* DATA:
───

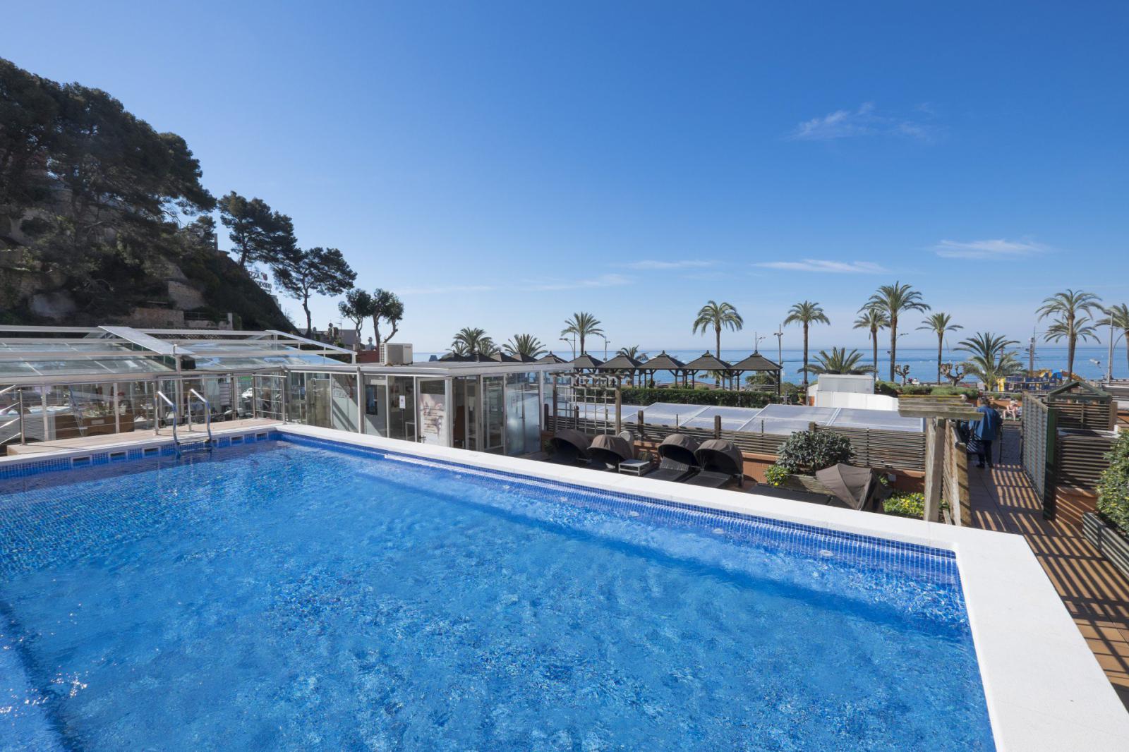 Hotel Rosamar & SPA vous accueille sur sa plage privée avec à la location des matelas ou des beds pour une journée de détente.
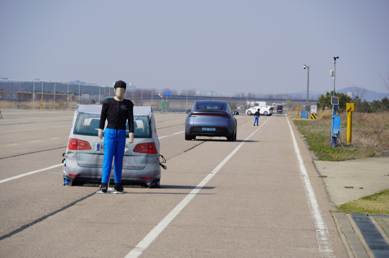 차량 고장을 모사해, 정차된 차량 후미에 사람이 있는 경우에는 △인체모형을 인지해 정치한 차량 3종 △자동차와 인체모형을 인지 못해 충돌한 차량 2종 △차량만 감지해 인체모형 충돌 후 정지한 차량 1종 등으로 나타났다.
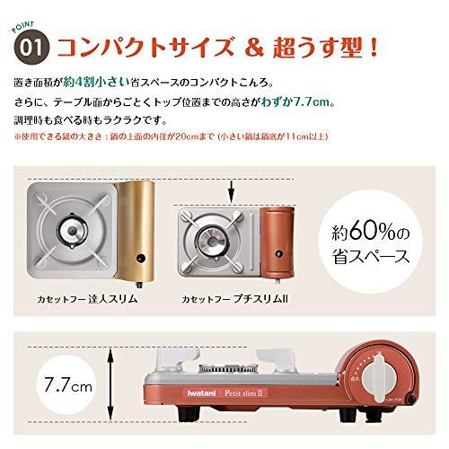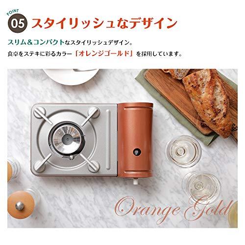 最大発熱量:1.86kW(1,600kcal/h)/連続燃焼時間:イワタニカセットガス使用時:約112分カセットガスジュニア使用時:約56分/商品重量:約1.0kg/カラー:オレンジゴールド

───

Skipping all images, output the listing exactly.

* RESPONSE TO THIS EXERCISE:
 Hotel Rosamar & SPA vous accueille sur sa plage privée avec à la location des matelas ou des beds pour une journée de détente.
 차량 고장을 모사해, 정차된 차량 후미에 사람이 있는 경우에는 △인체모형을 인지해 정치한 차량 3종 △자동차와 인체모형을 인지 못해 충돌한 차량 2종 △차량만 감지해 인체모형 충돌 후 정지한 차량 1종 등으로 나타났다.
 最大発熱量:1.86kW(1,600kcal/h)/連続燃焼時間:イワタニカセットガス使用時:約112分カセットガスジュニア使用時:約56分/商品重量:約1.0kg/カラー:オレンジゴールド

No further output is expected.